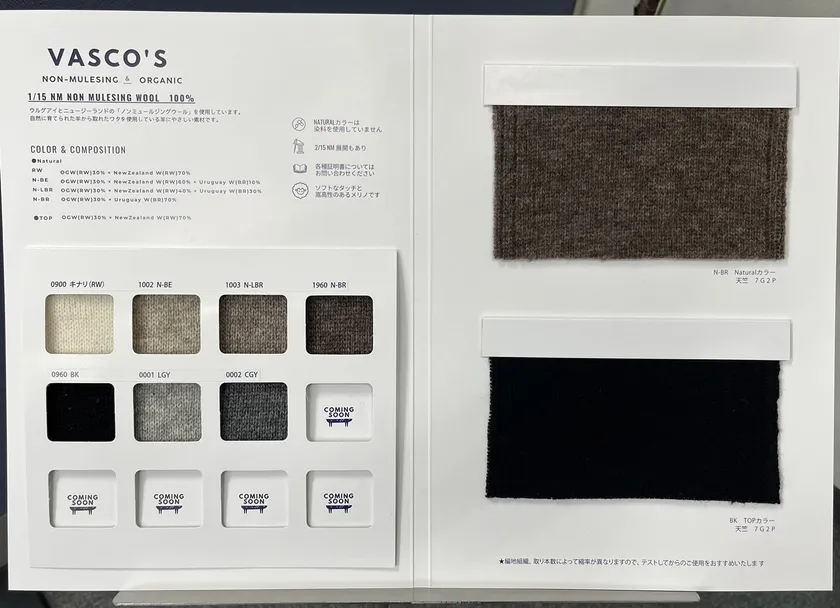 バスクスは、GOTS認証を取得したウルグアイオーガニックウールを一部使用した、ノンミュールジング*の紡毛ウール素材です。
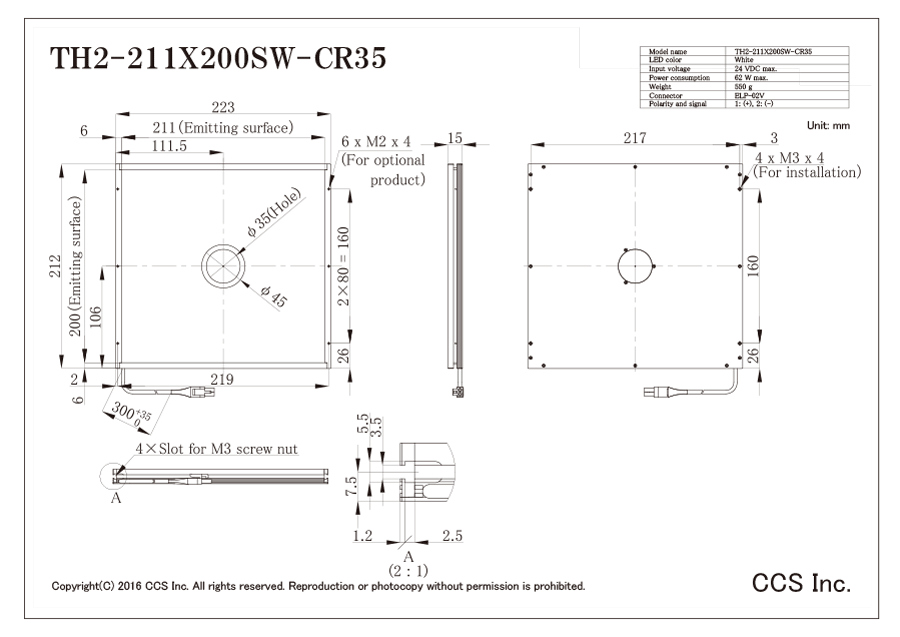 This Light Unit emits white light and measures 223 x 212 x 15 mm (width x depth x height).The light-emitting surface measures 211 x 200 mm.Camera-window type.
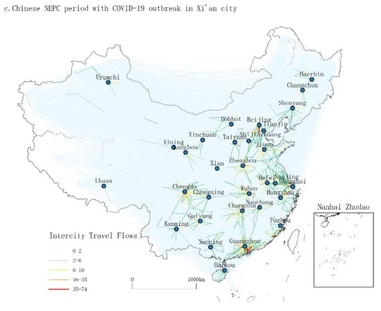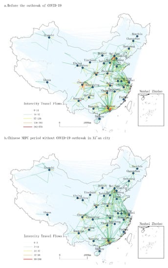 43]. In contrast, the overall size, intensity, and distance of intercity travel in China during the NEPC period (
============
■ TASK GOAL ■
Restate the lines above exactly, from the one bearing "This Light Unit" through the final line of the material, both included, omitting pictures.

■ OUTPUT BELOW ■
 This Light Unit emits white light and measures 223 x 212 x 15 mm (width x depth x height).The light-emitting surface measures 211 x 200 mm.Camera-window type.
 43]. In contrast, the overall size, intensity, and distance of intercity travel in China during the NEPC period (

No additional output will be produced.